§ **Your objective**: Could you repeat the records below exactly, leaving the pictures out?

· · · · ·

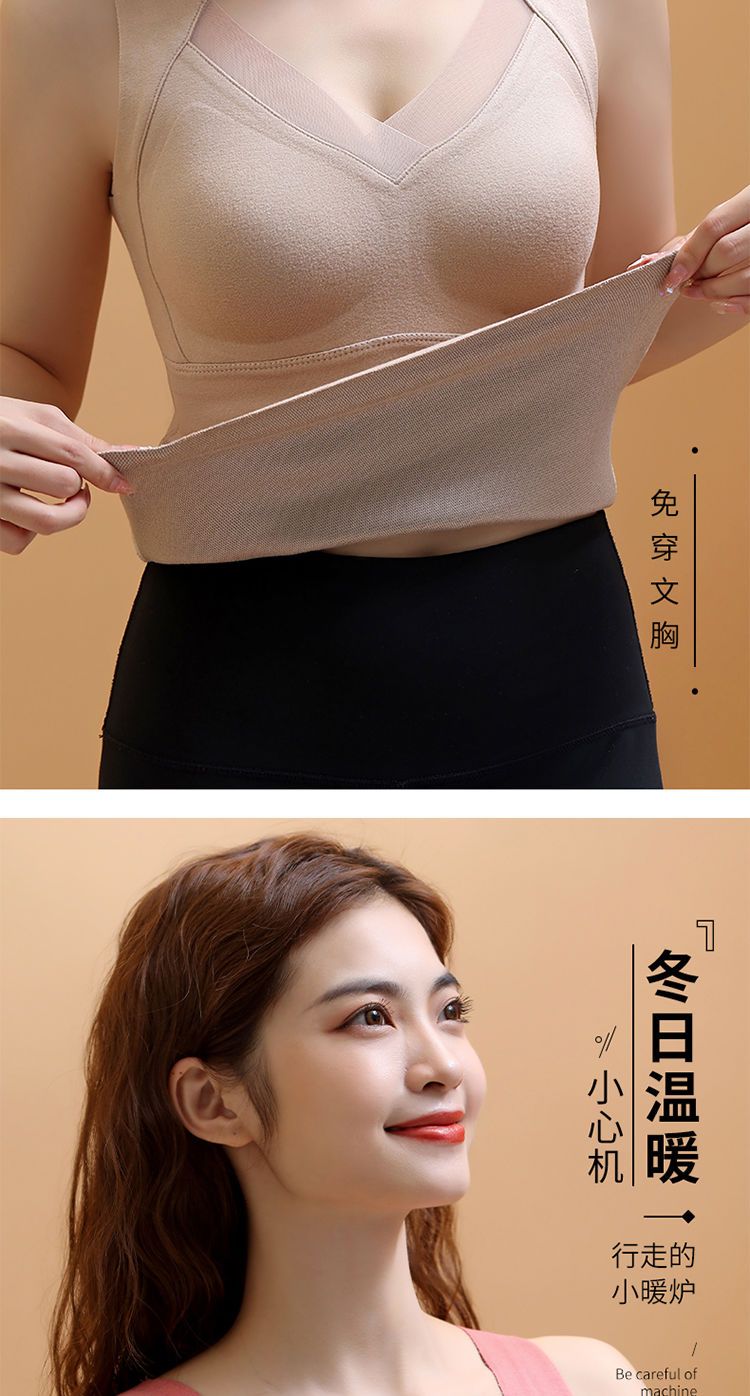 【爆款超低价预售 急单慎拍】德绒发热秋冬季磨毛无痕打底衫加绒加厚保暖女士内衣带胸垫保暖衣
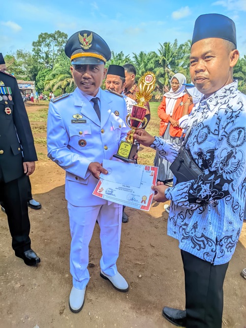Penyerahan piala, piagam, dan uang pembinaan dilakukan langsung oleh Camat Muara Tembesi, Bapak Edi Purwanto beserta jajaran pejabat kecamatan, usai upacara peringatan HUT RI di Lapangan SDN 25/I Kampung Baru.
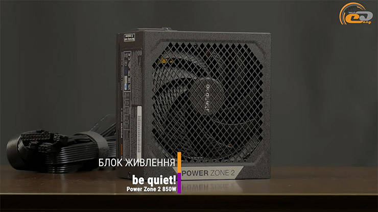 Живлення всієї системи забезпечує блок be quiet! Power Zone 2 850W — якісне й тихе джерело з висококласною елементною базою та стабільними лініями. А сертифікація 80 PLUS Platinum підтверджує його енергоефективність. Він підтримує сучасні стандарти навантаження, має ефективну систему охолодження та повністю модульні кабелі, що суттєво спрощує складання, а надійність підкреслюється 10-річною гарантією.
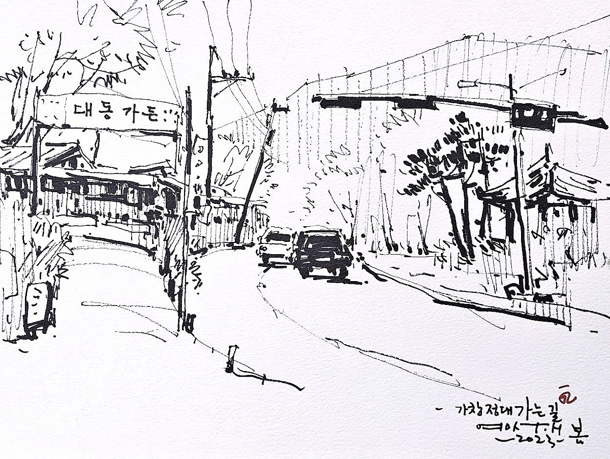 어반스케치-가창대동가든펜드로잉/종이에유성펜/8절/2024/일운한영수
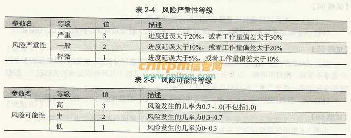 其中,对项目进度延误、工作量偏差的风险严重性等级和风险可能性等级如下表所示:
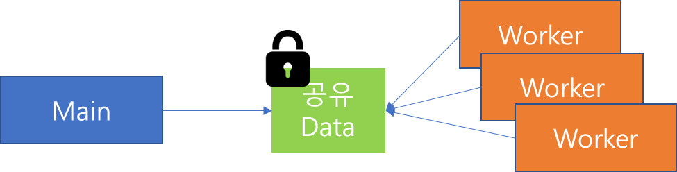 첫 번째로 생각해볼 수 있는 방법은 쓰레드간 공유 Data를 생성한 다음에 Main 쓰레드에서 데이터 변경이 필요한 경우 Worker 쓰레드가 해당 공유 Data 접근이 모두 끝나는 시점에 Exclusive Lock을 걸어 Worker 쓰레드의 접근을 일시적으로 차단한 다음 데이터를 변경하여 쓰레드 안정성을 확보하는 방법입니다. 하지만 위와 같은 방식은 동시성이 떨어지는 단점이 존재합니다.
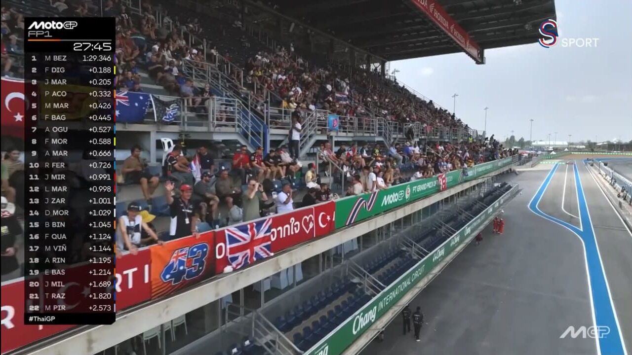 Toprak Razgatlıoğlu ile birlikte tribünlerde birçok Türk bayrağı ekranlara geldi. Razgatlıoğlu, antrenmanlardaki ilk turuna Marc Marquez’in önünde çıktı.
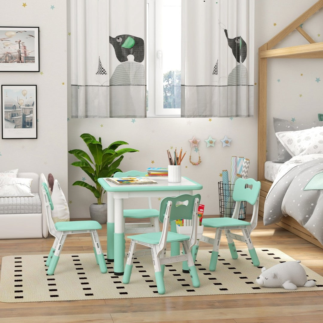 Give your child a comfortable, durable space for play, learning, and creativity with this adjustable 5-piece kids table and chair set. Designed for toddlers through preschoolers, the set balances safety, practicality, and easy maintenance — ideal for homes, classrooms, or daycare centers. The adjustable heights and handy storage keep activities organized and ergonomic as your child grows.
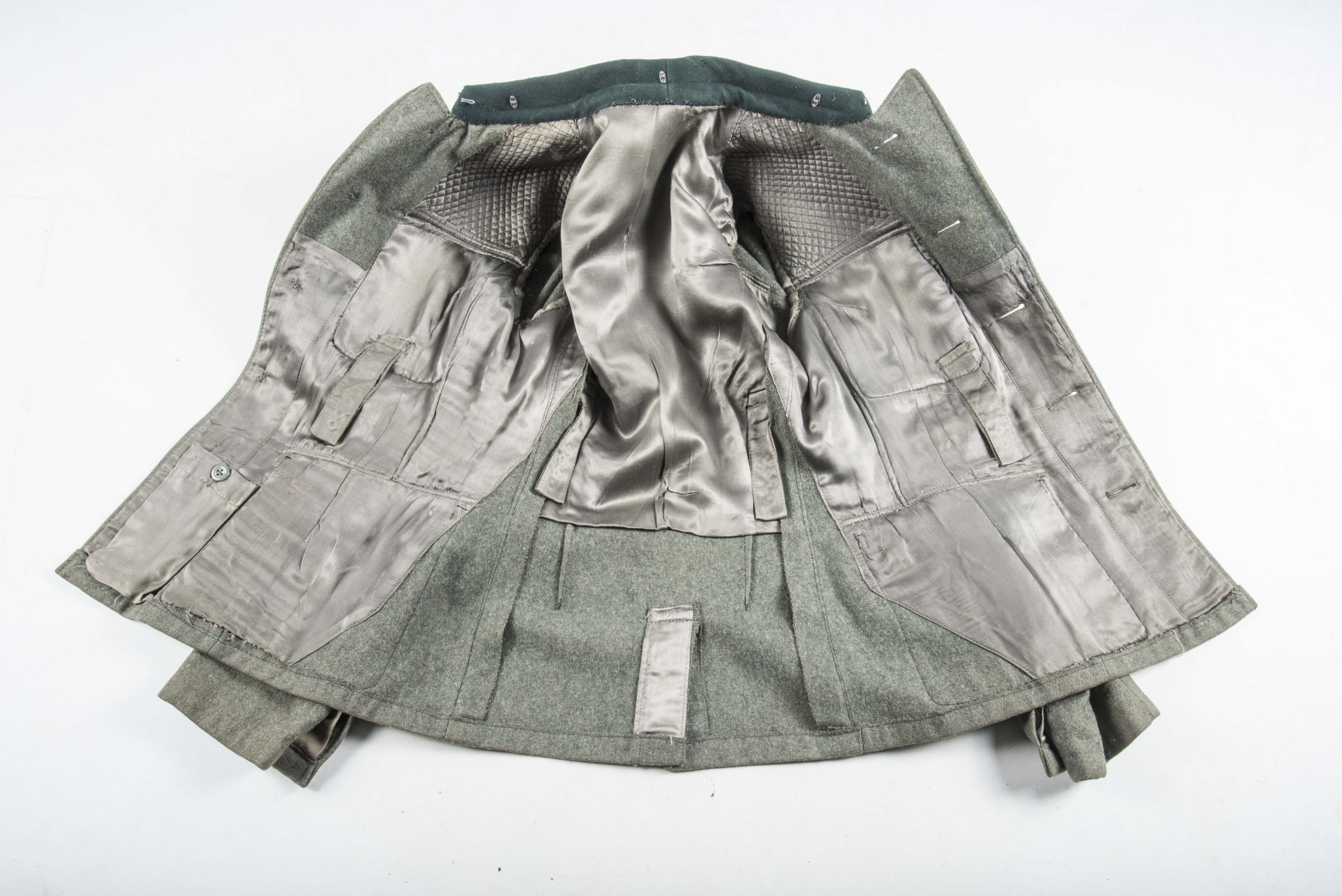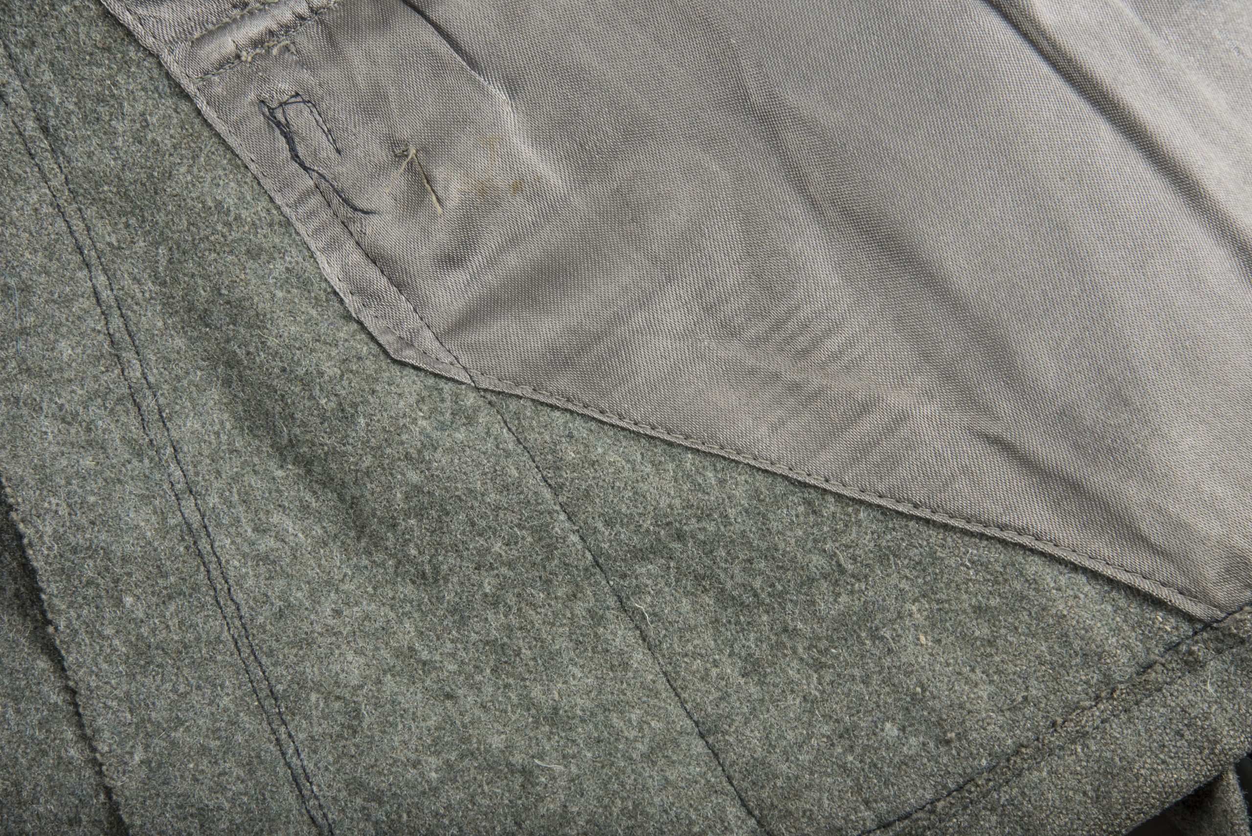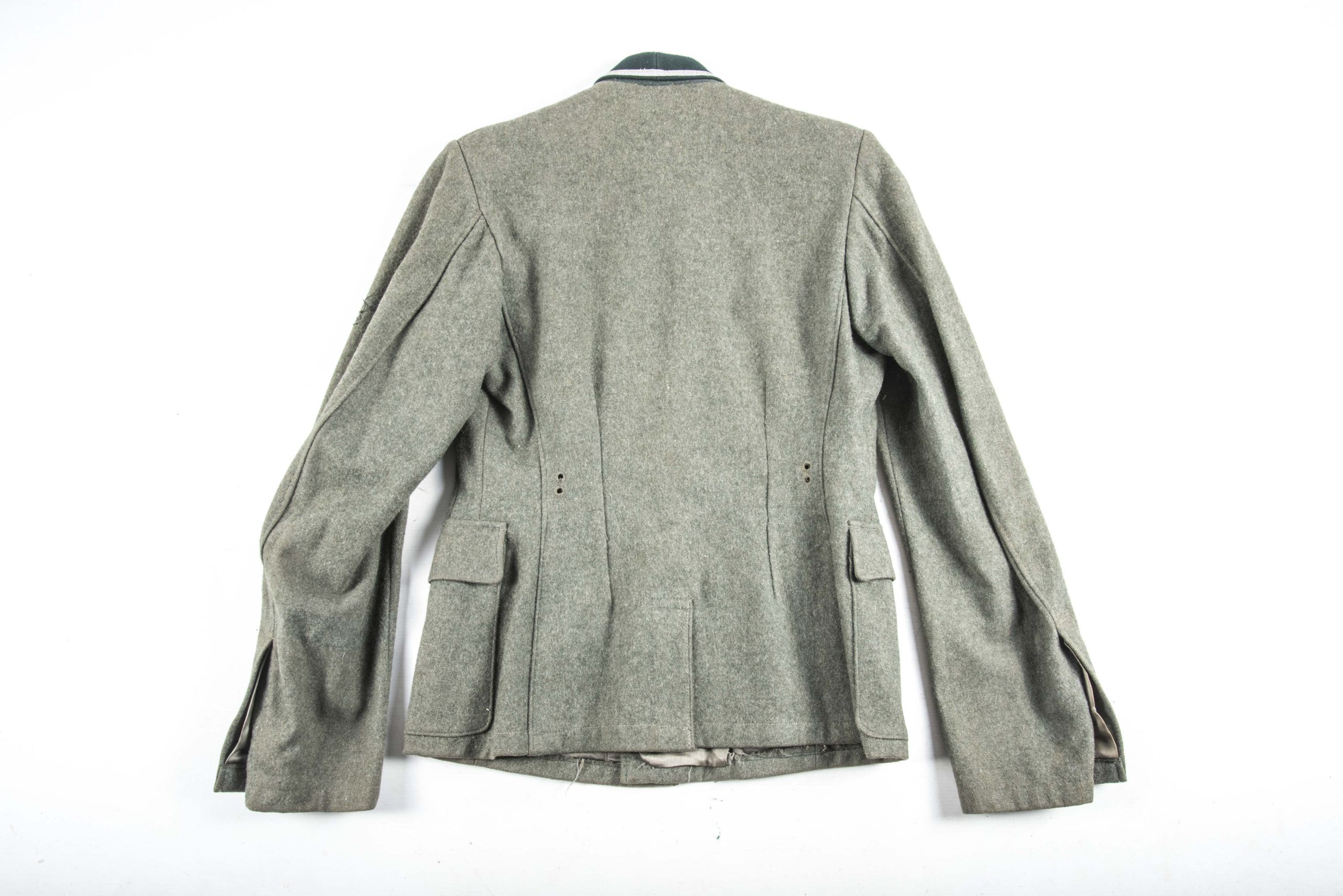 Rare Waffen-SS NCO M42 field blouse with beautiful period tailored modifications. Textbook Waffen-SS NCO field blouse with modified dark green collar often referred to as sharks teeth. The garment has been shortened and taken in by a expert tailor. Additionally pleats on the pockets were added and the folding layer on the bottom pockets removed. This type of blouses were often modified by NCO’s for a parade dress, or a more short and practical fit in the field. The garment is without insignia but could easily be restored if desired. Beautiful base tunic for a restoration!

· · · · ·

§ **Answer below**:
 【爆款超低价预售 急单慎拍】德绒发热秋冬季磨毛无痕打底衫加绒加厚保暖女士内衣带胸垫保暖衣
Penyerahan piala, piagam, dan uang pembinaan dilakukan langsung oleh Camat Muara Tembesi, Bapak Edi Purwanto beserta jajaran pejabat kecamatan, usai upacara peringatan HUT RI di Lapangan SDN 25/I Kampung Baru.
 Живлення всієї системи забезпечує блок be quiet! Power Zone 2 850W — якісне й тихе джерело з висококласною елементною базою та стабільними лініями. А сертифікація 80 PLUS Platinum підтверджує його енергоефективність. Він підтримує сучасні стандарти навантаження, має ефективну систему охолодження та повністю модульні кабелі, що суттєво спрощує складання, а надійність підкреслюється 10-річною гарантією.
 어반스케치-가창대동가든펜드로잉/종이에유성펜/8절/2024/일운한영수
 其中,对项目进度延误、工作量偏差的风险严重性等级和风险可能性等级如下表所示:
 첫 번째로 생각해볼 수 있는 방법은 쓰레드간 공유 Data를 생성한 다음에 Main 쓰레드에서 데이터 변경이 필요한 경우 Worker 쓰레드가 해당 공유 Data 접근이 모두 끝나는 시점에 Exclusive Lock을 걸어 Worker 쓰레드의 접근을 일시적으로 차단한 다음 데이터를 변경하여 쓰레드 안정성을 확보하는 방법입니다. 하지만 위와 같은 방식은 동시성이 떨어지는 단점이 존재합니다.
 Toprak Razgatlıoğlu ile birlikte tribünlerde birçok Türk bayrağı ekranlara geldi. Razgatlıoğlu, antrenmanlardaki ilk turuna Marc Marquez’in önünde çıktı.
 Give your child a comfortable, durable space for play, learning, and creativity with this adjustable 5-piece kids table and chair set. Designed for toddlers through preschoolers, the set balances safety, practicality, and easy maintenance — ideal for homes, classrooms, or daycare centers. The adjustable heights and handy storage keep activities organized and ergonomic as your child grows.
 Rare Waffen-SS NCO M42 field blouse with beautiful period tailored modifications. Textbook Waffen-SS NCO field blouse with modified dark green collar often referred to as sharks teeth. The garment has been shortened and taken in by a expert tailor. Additionally pleats on the pockets were added and the folding layer on the bottom pockets removed. This type of blouses were often modified by NCO’s for a parade dress, or a more short and practical fit in the field. The garment is without insignia but could easily be restored if desired. Beautiful base tunic for a restoration!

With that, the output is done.